ABSTRACT

This article provides an overview of the new MedTech European regulatory environment and opportunities for the Medical Affairs function to evolve and bring value to the respective organizations. The European Regulations ask for an increased effort from manufacturers to generate and communicate clinical evidence on the safety and performance of their Medical devices, In vitro-diagnostics and Drug Device Combinations. In conjunction with increased quality standards they make a compelling case for Medical & Scientific Governance with a prominent role for Medical Affairs in many pre- and post-market processes. A transformation of Medical Affairs into a strategic business function makes the medical device industry an exciting place to be for Medical Affairs professionals.

INTRODUCTION

For over two decades, Medical devices and In-vitro Diagnostics have been regulated in Europe by Directives for MEDICAL DEVICES (MDD) and IN VITRO DIAGNOSTICS (IVDD)^1,2,3 that were published in 1993 and 1998 respectively. A separate Directive for Active Implantable Medical Devices (AIMD) was published in 1990 with a last revision in 2009. According to these Directives, devices are approved for the European Single Market only after having obtained CE Mark for which manufacturers need to demonstrate conformity to essential requirements relating to the device’s performance and safety for patients and users. After public consultation by the European Commission in 2008 it became clear that an update of the Directives was needed, one reason being the simple fact that new technologies such as companion diagnostic devices were not yet covered. The need for revision gained traction after incidents with breast implants, transvaginal meshes around 2009 and metal-on-metal hip prostheses a couple of years later. Eventually, the revision process that started in 2012 resulted in the Medical Device Regulation (MDR) in which MDD and AIMD were combined and the In Vitro Diagnostics Regulation (IVDR)^4,5. The new Regulations were published in 2017, with May 25, 2017 as the official date of entering into force. A transition period to full implementation of the MDR and IVDR was allowed for three and five years respectively, which means the MDR applies from May 26, 2020 and IVDR from May 26, 2022.

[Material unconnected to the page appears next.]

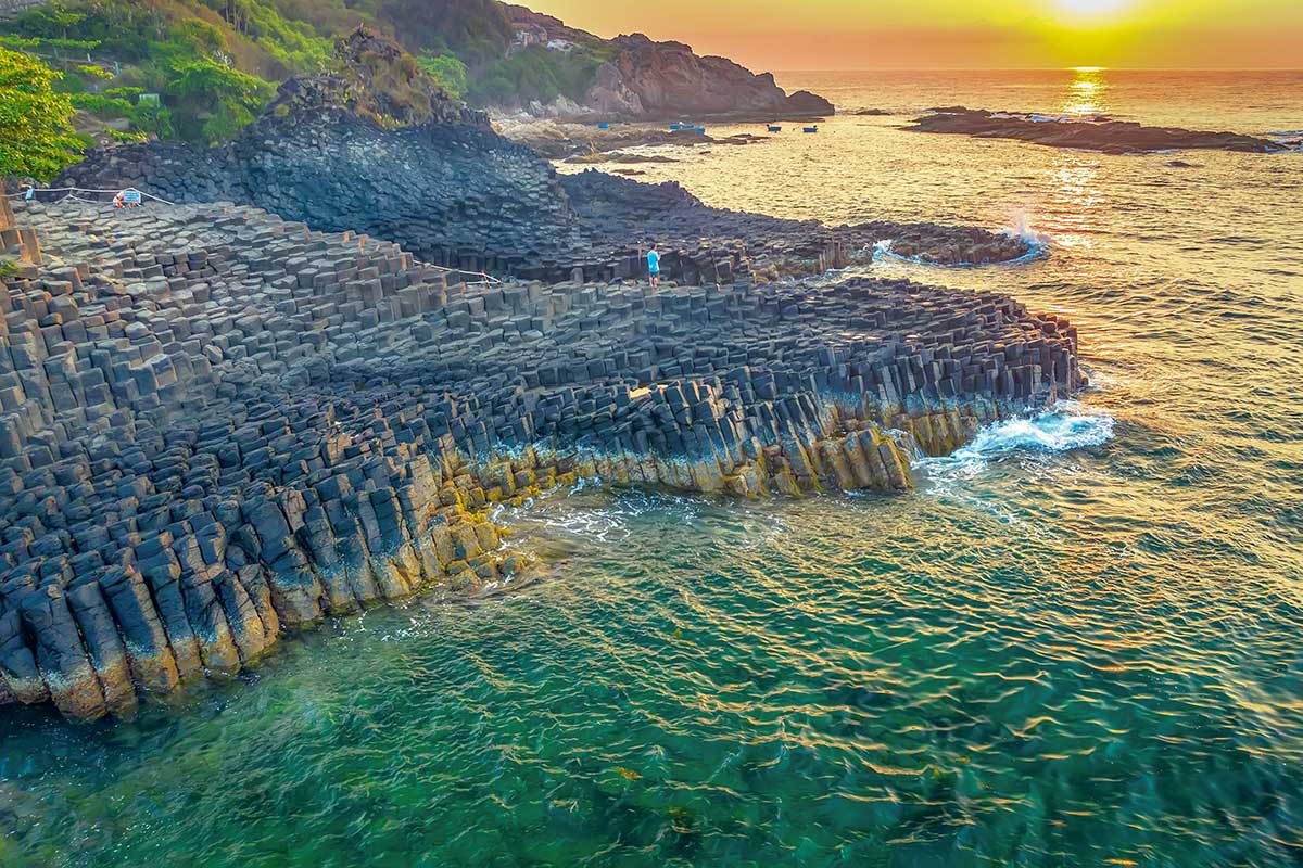 Da Dia Reef is particularly photogenic when the light is soft. At sunrise and sunset, the basalt columns shift in color, from jet black to reddish or golden tones depending on the angle of the sun. Midday can feel harsh, but shadows highlight the geometric patterns. If you fly a drone, be mindful of crowds and local sensitivities — wind along the coast can also make conditions tricky.

So far so good… and then the COVID-19 crisis struck Europe, right at the moment when the medical device industry and notified bodies are transitioning to the new Regulations. Therefore, in order to “take the pressure off national authorities, notified bodies, manufacturers and other actors so they can focus fully on urgent priorities related to the coronavirus,” the European Commission has decided to move back the date on which the new MDR would fully apply by one year, to 26 May 2021. MedTech Europe, the European trade organization of medical device manufacturers, has advocated for a similar delay for the IVDR.

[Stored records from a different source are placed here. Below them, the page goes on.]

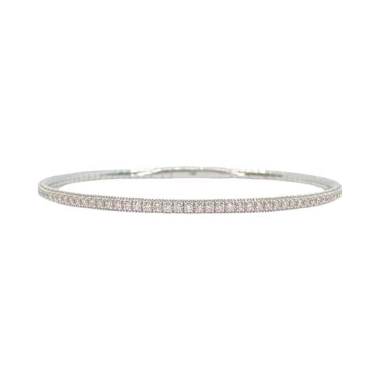 14K White Gold 1.00CT Tennis Bangle Flexible Bracelet
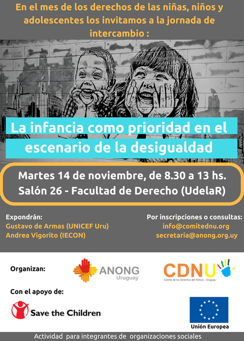 Anong y CteDDNN Publicado noviembre 7, 2017 en 480 × 672 en 171114 – 14 noviembre, de 8:30 a 13 hs – ANONG y Cte DNU – Jornada de intercambio «La Infancia como Prioridad en el Escenario de la Desigualdad». Comparte esto: Compartir en LinkedIn (Se abre en una ventana nueva) LinkedIn Comparte en Facebook (Se abre en una ventana nueva) Facebook Imprimir (Se abre en una ventana nueva) Imprimir Enviar un enlace a un amigo por correo electrónico (Se abre en una ventana nueva) Correo electrónico Me gusta Cargando...
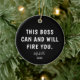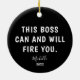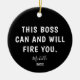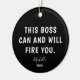 Show your boss some humor with this Funny Boss Personalized Year Christmas Ceramic Ornament. It is designed on both sides with a funny saying, "this boss can and will fire you" in bold white lettering on black background followed by name in trendy hand lettered script and custom year. Perfect boss gift idea for any occasion.

Since the early days of the global COVID-19 crisis the medical industry has made a so far unseen effort in finding (bio-)pharmaceutical solutions, developing vaccines and reliable test kits. Simultaneously, in an attempt to address the relative shortage of masks and intensive care equipment such as ventilators, traditional medical device manufacturers ramped up production. Although regulators accommodate the surge of new devices by fast tracks and exemption rules, new devices are subject to meticulous assessments of performance and safety. And rightly so, since national policies to curb transmission of the virus rely on the quality of diagnostics and personal protection equipment. Especially important is the scrutiny in assessing new medical devices which are intended to be used in the management of the most vulnerable and severely ill COVID-19 patients who end up in hospitals and ICUs.